Students were not required to write or to publish first-person accounts. Carl said she makes it clear to students that they have the option of not submitting their first person narratives to the Campus Echo. In fact, seven students who wrote first-person accounts decided not to have them published. Carl stated that Martin was eager to have her story run in the student newspaper and that she was given the option of changing her name for the story's byline.
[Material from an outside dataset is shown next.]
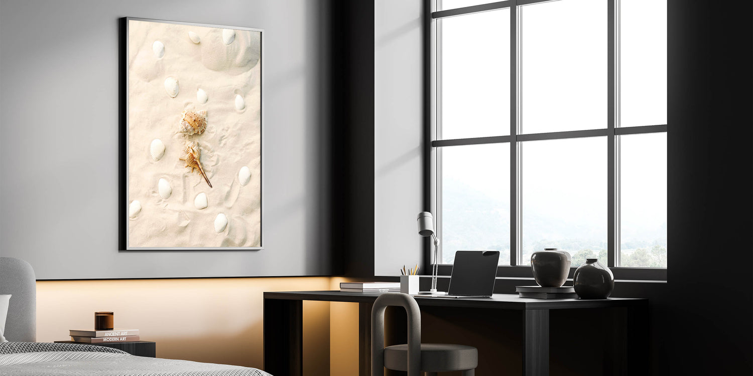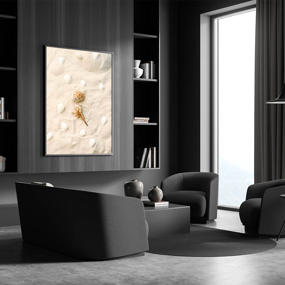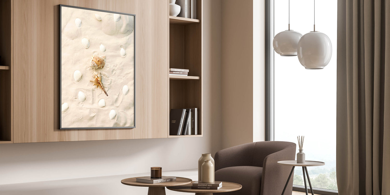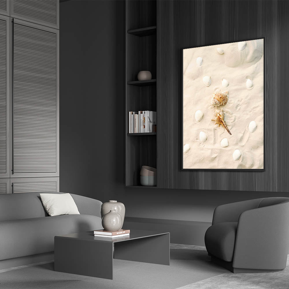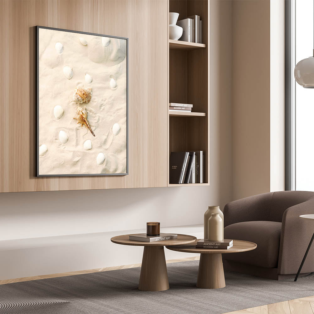 Create a calming coastal retreat in your home with this elegant summer wall art featuring seashells on soft sand. The natural textures and neutral tones of beige and white capture the essence of a peaceful summer day by the ocean. Whether displayed in a bedroom, bathroom, or beach house, this summer canvas art brings a touch of nature and tranquility to any space.

On April 27, Ernie Suggs, a Campus Echo editor from 1987-1989 and now a political reporter with the Atlanta Journal-Constitution, sensing the pressure the Campus Echo might be under, wrote a letter of support that was signed by 28 former Campus Echo editors and staff members .

Suggs wrote:

"Your paper, our paper, has gone on to produce some of the best and brightest journalists in the country, who as you can see below, have gone on to do great things. We all look forward to you all joining us soon in the professional ranks. Thanks again for keeping The Campus Echo relevant, consistent and quite frankly, the best source of news for and about North Carolina Central University."

The Campus Echo special feature series "In the First Person – True Stories from the Lives of Ten NCCU Students," has run in four editions since 2006. In the award-winning series, students have written accounts of automobile accidents, coming out as gay, breast reduction surgery, mixed-race identity, cocaine addiction, coping with sickle cell anemia and more.